The issuance of the first Combined Code in 1998 was not mandatory confirming the tradition characterizing the U.K regulating environment which is evident in voluntary disclosures rather than legal enforcements. The philosophy of the ‘comply or explain’ principle offers intelligent discretion and flexibility and allows for exceptions of the actual rules. As Higgs (2003, p.3) stated in his research study: ‘The brightness and rigidity of legislation cannot dictate the behaviour or strengthen the trust I believe is fundamental to the effective unitary board and to superior corporate governance.’ U.K listed companies are also required to issue a statement of compliance with the detailed principles of the combined code in their annual reports.
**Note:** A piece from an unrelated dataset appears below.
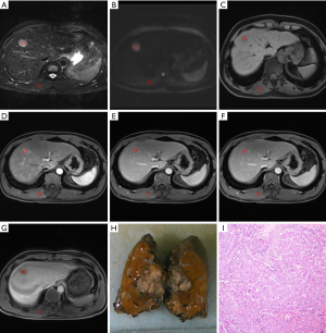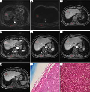 A total of 49 cases were examined with 3.0T MRI system (Magnetom Verio; Siemens Healthcare, Erlangen, Germany) with an 8-channel body phased-array coil. Pre-contrast images were obtained using respiration-triggered T2W fat-suppression turbo spin-echo sequence [repetition time (TR), 6,500–7,000 ms; echo time (TE), 79 ms; slice thickness, 5 mm; matrix, 320×224; bandwidth, 240 Hz/pixel; gap, 1 mm], a breath-hold T1-weighted gradient-echo in-phase sequence (TR, 133 ms; TE, 2.5 ms; matrix, 320×224; bandwidth, 280 Hz/pixel), an out-of phase sequence (TR, 133 ms; TE, 1.2 ms; matrix, 320×224; bandwidth, 280 Hz/pixel), a diffusion-weighted imaging (DWI) (TR, 6,300 ms; TE, 93 ms; gradient factor b values of 50 and 800 s/mm2; matrix, 128×128; slice thickness, 3 mm), and a T1-weighted three-dimensional (3D) volumetric interpolated breath-hold examination gradient-echo sequence with fat suppression (TR, 3.9 ms; TE, 1.4 ms; matrix, 320×224; bandwidth, 400 Hz/pixel; slice thickness, 3 mm; gap, 0 mm). For dynamic MRI, Gd-BOPTA (Bracco, Italy; 0.1 mmol/kg) was injected as a rapid bolus and immediately followed by a 20 mL saline flush through a power injector at a rate of 2 mL/s. Dynamic imaging, including the arterial phase (AP) (20–25 s), portal venous phase (60–70 s), equilibrium phase (2 min), and the delayed HBP (60–120 m), was performed using a T1-weighted 3D volumetric interpolated breath-hold examination with the equivalent parameters.

The main role of the combined code is to shift the balance of power held by the company’s board and its subsequent subcommittees away from the company’s main executive directors and instead give greater prominence to non executive directors’ independence and role in the decision making process and different companies corporate governance structures. The code also emphasizes the importance of the separation between both roles of the company’s chairman and CEOs. Furthermore the code sets out provisions relating to the composition of the board of directors and its main principles and duties as well as clearly setting out the functions of the three main committees which are the remuneration, audit and nomination committees as well as stressing the importance of the need for non executive directors in the boards. In the following sections the researcher will discuss details associated with the main characteristics of the code of corporate governance.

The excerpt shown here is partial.